A goal of a typical ACR application is to accurately determine why a customer is calling and to quickly route the customer to an appropriate agent or destination for servicing. Research has shown that callers prefer speech recognition systems to keypad entry or touchtone menu driven systems.
As suggested above, natural language ACR systems attempt to interpret the intent of the customer based on the spoken language. When a speech recognition system partially misinterprets the caller's intent significant problems can result. A caller who is misrouted is generally an unhappy customer. Misrouted callers often terminate the call or hang-up when they realize that there has been a mistake. If a caller does not hang up they will typically talk to an operator who tries to route the call. Routing a caller to an undesired location and then to a human operator leads to considerable inefficiencies for a business. Most call routing systems handle a huge volume of calls and, even if a small percentage of calls are mishandled, the costs associated with the mishandled calls can be significant.

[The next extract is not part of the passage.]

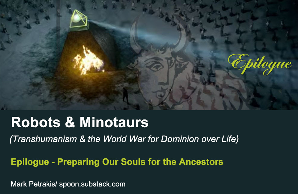I struggled as to whether to call this final section of my story here an epilogue or an epitaph. The distinction between the two became clear for me, as I began to dwell on the distinct possibility that humans, as we have long known them and ourselves to be, may not emerge from this current planetary WAR for control over LIFE and CONSCIOUSNESS with all our hereditary physical and metaphysical aspects intact.

BRIEF DESCRIPTION OF THE DRAWINGS
The present disclosure is directed generally to integrating speech enabled automated call routing with action-object technology. Traditional automatic call routing systems assign a correct destination for a call 50% to 80% of the time. Particular embodiments of the disclosed system and method using action-object tables may achieve a correct destination assignment 85 to 95% of the time. In some embodiments, a semantic model may be used to create an action-object pair that further increases call routing accuracy while reducing costs. In particular implementations, the correct call destination routing rate may approach the theoretical limit of 100%. Due to higher effective call placement rates, the number of abandoned calls (e.g., caller hang-ups prior to completing their task) may be significantly reduced, thereby reducing operating costs and enhancing customer satisfaction.

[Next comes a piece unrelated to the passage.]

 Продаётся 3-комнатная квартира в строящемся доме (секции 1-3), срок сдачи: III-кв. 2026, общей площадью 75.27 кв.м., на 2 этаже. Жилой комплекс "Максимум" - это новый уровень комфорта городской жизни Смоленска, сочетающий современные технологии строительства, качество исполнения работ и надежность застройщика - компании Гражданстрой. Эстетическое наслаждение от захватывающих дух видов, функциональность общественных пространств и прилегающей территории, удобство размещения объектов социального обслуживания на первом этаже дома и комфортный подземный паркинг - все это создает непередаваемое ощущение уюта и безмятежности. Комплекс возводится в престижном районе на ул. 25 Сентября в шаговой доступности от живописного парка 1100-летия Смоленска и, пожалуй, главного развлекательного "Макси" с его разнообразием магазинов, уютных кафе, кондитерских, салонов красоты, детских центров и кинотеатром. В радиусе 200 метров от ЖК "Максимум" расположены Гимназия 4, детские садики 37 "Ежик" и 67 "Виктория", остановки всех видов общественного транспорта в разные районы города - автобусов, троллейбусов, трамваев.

In accordance with the teachings of the present disclosure, a call may be routed based on a selectable action-object pair. In practice, a call is received from a caller and a received speech input is converted into text or “text configurations,” which may be the same as, similar to, or can be associated with, known actions and objects. Generally, objects are related to nouns and actions are related to verbs. The converted text may be compared to tables of known text configurations representing objects and actions. A confidence level may be assigned to the recognized actions and objects based on text similarities and other rules. An action-object list may be created that contains recognized actions and objects and their confidence levels. In some embodiments, the entry (action or object) in the list with the highest confidence level may be selected as a dominant item. If an action is dominant a system incorporating teachings disclosed herein may look for a complementary object. Likewise, if an object is dominant, the system may look for a complementary action.
In some implementations, when an action is dominant, remaining actions may be masked and the confidence level of the complementary objects in the action-object list may be adjusted. Conversely, if an object is dominant, the remaining objects may be masked and the confidence level of complementary actions in the action-object list may be adjusted. An adjustment to an assigned confidence level may be based, for example, on the likelihood that the prospective complement in the action-object list is consistent with the dominant entry. Depending upon implementation details, a call may be routed based on a dominant action and a complementary object or a dominant object and a complementary action.
Referring now to
An illustrative embodiment of SECRS 118 may be a call center having a plurality of agent terminals attached. Thus, while only a single operator 130 is shown in
In a particular embodiment, action-object routing module 140 includes an action-object lookup table for matching action-object pairs to desired call routing destinations. This process may be better understood through consideration of
When a speech input conversion creates a dominant action (e.g., an action has the highest confidence level in the action-object list), a system like SECRS 118 of
The high scoring action may have been selected, the actions may have been masked, and objects that are inconsistent with the selected action may be tagged as invalid. Examples of invalid action-object combinations can be understood by referring to
Based on the call routing destination 208, a call received at a call routing network like SECRS 118 may be routed to a final destination, such as the billing department 120 or the technical support service destination 124 depicted in
Referring to
In some cases, many possible actions and objects may be detected or created from the word strings. A method incorporating teachings of the present disclosure may attempt to determine and select a most probable action and object from a list of preferred objects and actions. To aid in this resolution, a synonym table such as the synonym table of
In summary at step 310 multiple actions and multiple objects can be identified from the list of salient terms and assigned a confidence level according to the likelihood that a particular action or object identifies a customer's intent and thus will lead to a successful routing of the call. The confidence level can be assigned to an action or an object based on many criteria such as text similarity, business rules etc. in step 310. In a particular example, a callers' number (caller ID) may be utilized to assign a high confidence value to the action “acquire,” and a low confidence value the actions “change,” or “cancel,” if the caller does not currently have service. In the event that a confidence level for an action-object pair is below a predetermined level, the call may be routed to a human operator or agent terminal.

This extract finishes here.